Antonello da Messina
Italian painter Antonello di Giovanni di Antonio was born in the city of Messina, and he was later given the name of the city as his identification - Antonello da Messina. His exact date of birth is not known, but it’s guessed to be between the years 1429 and 1431. Although he was a southern Italian, with many great Italian artists to influence him, Antonello used many of the styles and techniques of Early Netherlandish painting methods. Even more amazingly, he had generated a great artistic influence during the Italian Renaissance over the Venetian artists and other Northern Italian painters.
Some of his personal was well recorded and preserved. The name of his father was Giovanni da Antonio Mazonus and his mother’s name was Garita, probably a shortened version of Margherita. Antonello most likely was apprenticed to an artist or two as a young man, both in his hometown and Palermo. According to a written document dated in 1524, by Pietro Summonte, it was noted that Antonello had been a student of a Neapolitan artist Niccolò Colantonio in 1450.
The Sibiu Crucifixion, named so because it is now housed in the museum of Sibiu, Bucharest (Romania) was one of the two representations that Antonello painted in 1454 and 1455. The other is the Antwerp Crucifixion now in Belgium, which he’d painted during the same period. He most definitely gained his Netherlandish or Flemish art skills from Colantonio, but also from studying the works of Jan van Eyck and Rogier van der Weyden that were bought by wealthy Italian art collectors, such as King Alonzo V of Aragon, who was Colantonio’s patron. Later, in 1475, he made a third painting in the same theme, named the London Crucifixion. These three of Antonello's paintings were oil paint on wood, but he also painted other works with oil paints and tempera on panels and canvas.
In 1456 or 1457, Antonello became an independent artist and he earned his first commission, but he had to take his wife and young son Jacobello with him to Reggio Calabria, because that was where the job was located. After he had finished there, Antonello’s father bought passage on a sailing vessel to bring Antonello and his family home. His works were still distinctively Flemish in style in the early 1460s, but this time he was more influenced by Piero della Francesca, as seen in the Salting Madonna, Saint Jerome Penitent and Abraham Served by the Angels.

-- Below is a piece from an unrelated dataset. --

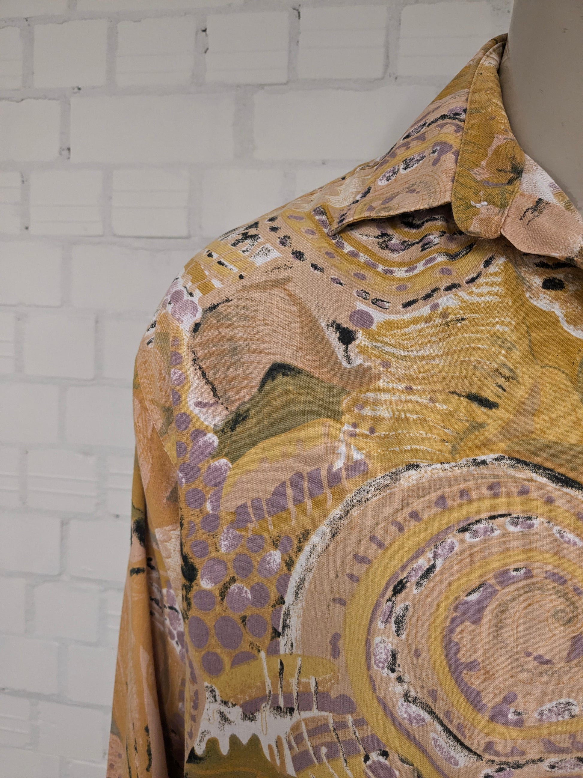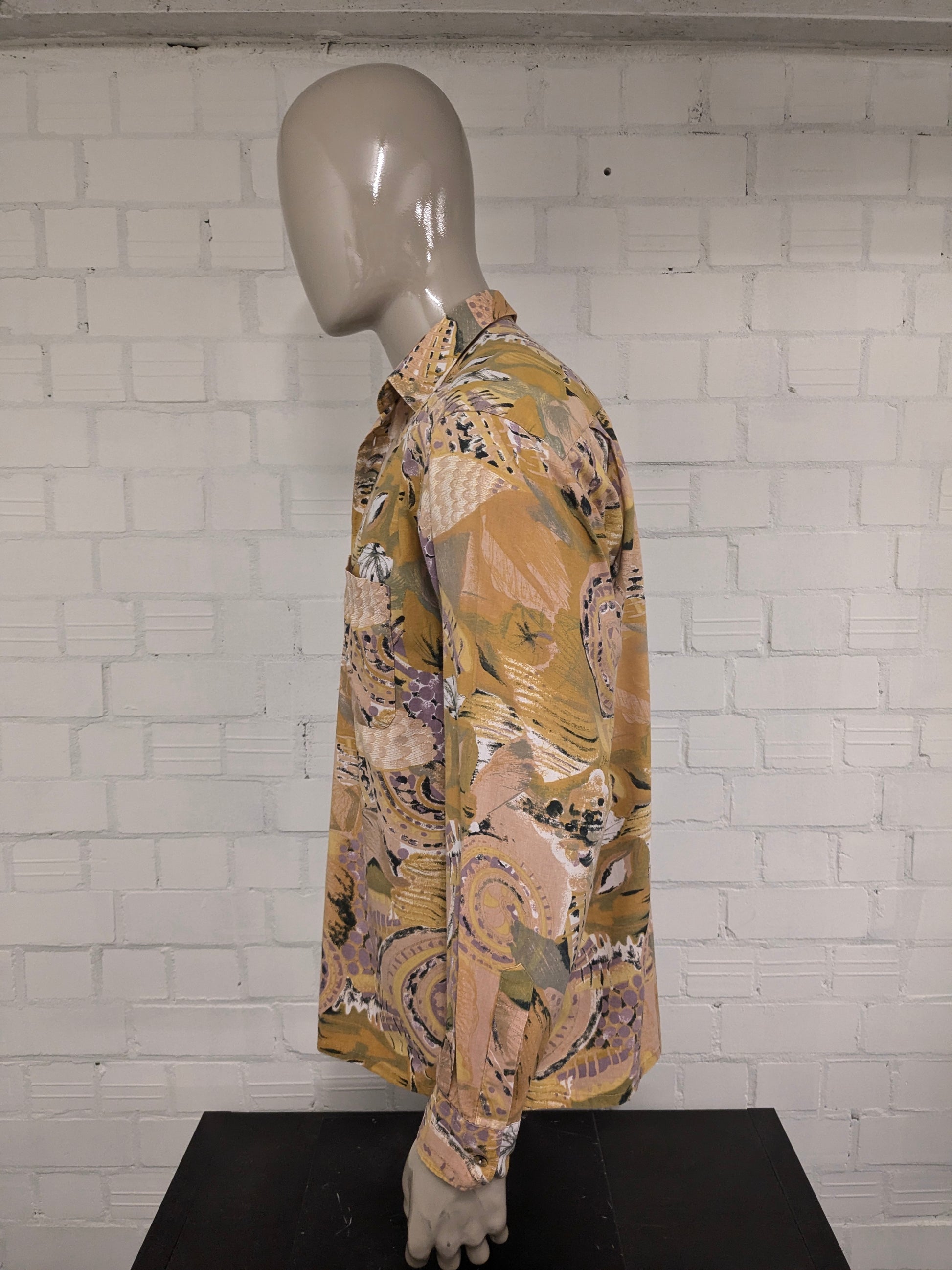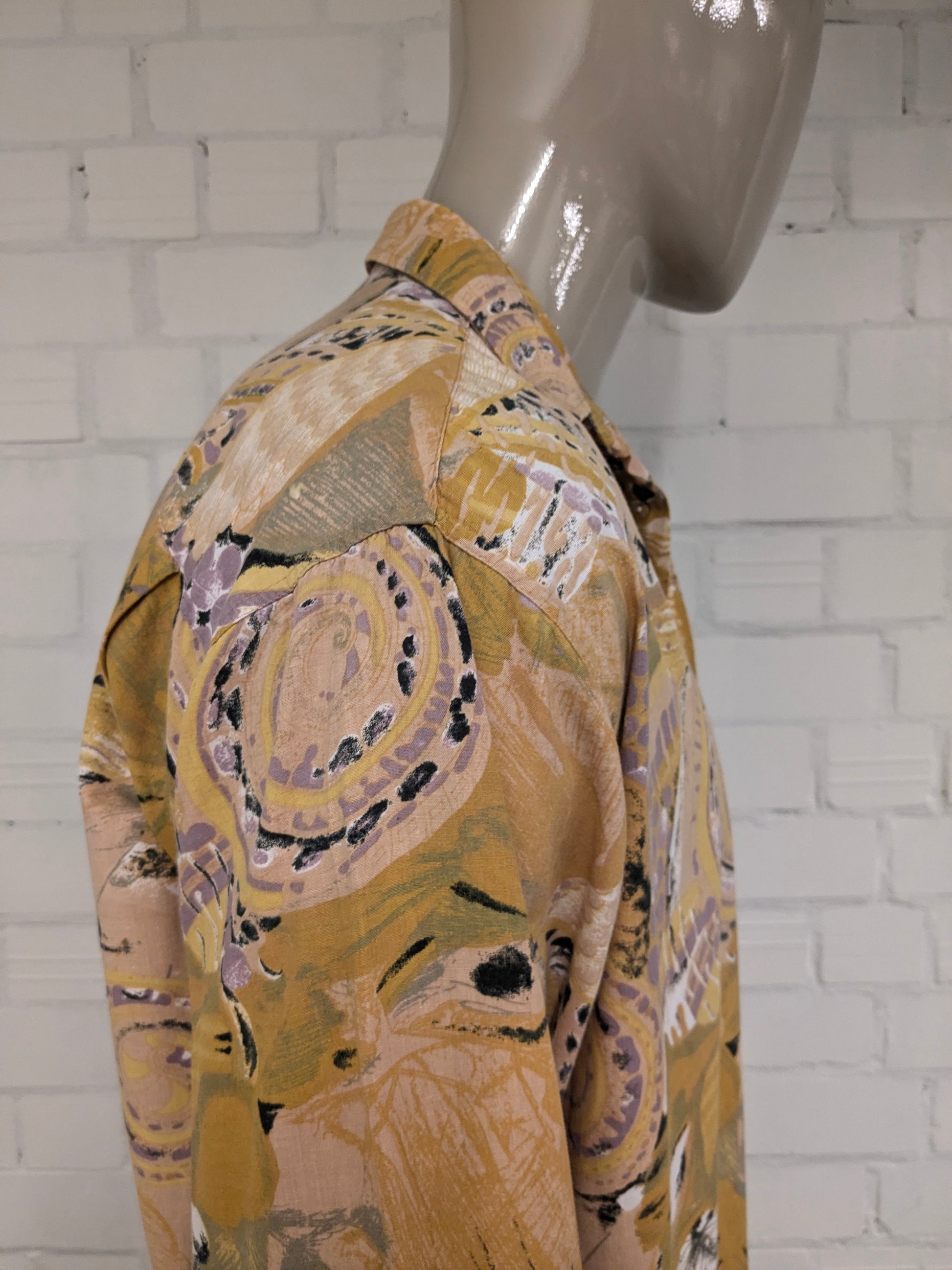 Vintage 80's / 90's Golfers Club overhemd. Geel Groen Paarse print. Maat XL.

Antonello’s portraits also differed from the Italian style; he painted the subject in a “Flemish” three-quarter pose, rather than the profile view which was the traditional form in Italy. In 1470, when he heard that some of Giovanni Bellini’s paintings were in Venice, he travelled there in hopes of seeing them. He continued journey, finding commissions to work on in Sicily and Syracuse, and by 1474 he had improved on his figures, making them more expressive and their anatomy more like those drawn by Bellini and Francesca. He went to Venice again in 1475 and stayed there until the autumn of 1476. It was in Venice that year that he painted some of his most famous works: Saint Sebastian, the Condottiero. and the San Cassiano Altarpiece. This altarpiece was a large sacra conversazione using Bellini’s perfected format and it influenced the Venetian artists greatly. Antonello’s last major work was the Virgin Annunciate, which can be seen in the Palazzo Abatellis, in the city of Palermo, Sicily. Jacobello, his son, was responsible for finishing Antonello’s paintings when Antonello died only three short years later, in 1479, after returning to his birthplace of Messina.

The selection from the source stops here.